_THE INPUT_:
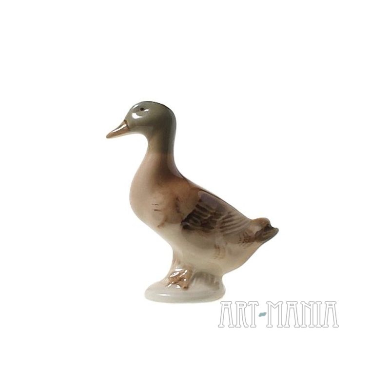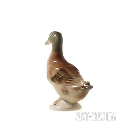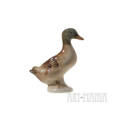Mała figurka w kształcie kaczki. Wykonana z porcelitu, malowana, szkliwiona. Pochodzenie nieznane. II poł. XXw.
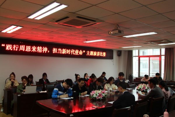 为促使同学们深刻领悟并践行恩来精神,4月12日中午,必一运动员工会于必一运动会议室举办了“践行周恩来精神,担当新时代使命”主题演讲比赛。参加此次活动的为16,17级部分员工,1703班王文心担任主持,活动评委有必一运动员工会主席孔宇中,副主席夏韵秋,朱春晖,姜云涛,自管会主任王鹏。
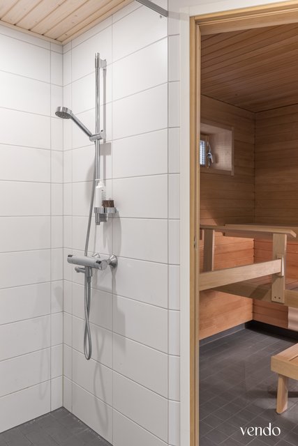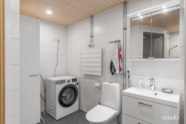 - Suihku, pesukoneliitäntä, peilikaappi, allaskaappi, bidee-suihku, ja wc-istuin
--
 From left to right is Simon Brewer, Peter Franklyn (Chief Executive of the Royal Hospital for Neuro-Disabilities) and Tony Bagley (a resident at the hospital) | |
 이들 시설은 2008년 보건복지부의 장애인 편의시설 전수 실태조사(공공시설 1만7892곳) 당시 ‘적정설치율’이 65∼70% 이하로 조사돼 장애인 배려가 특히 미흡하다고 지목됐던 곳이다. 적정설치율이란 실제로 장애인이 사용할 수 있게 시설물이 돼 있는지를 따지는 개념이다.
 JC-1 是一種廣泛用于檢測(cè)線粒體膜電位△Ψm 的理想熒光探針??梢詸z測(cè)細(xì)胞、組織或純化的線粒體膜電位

_TASK INSTRUCTIONS_:
Return, exactly as they stand, the lines above from the one with "为促使同学们深刻领悟并践行恩" to the one with "bidee-suihku, ja wc-istuin", omitting any pictures among them.

_YOUR RESPONSE_:
 为促使同学们深刻领悟并践行恩来精神,4月12日中午,必一运动员工会于必一运动会议室举办了“践行周恩来精神,担当新时代使命”主题演讲比赛。参加此次活动的为16,17级部分员工,1703班王文心担任主持,活动评委有必一运动员工会主席孔宇中,副主席夏韵秋,朱春晖,姜云涛,自管会主任王鹏。
 - Suihku, pesukoneliitäntä, peilikaappi, allaskaappi, bidee-suihku, ja wc-istuin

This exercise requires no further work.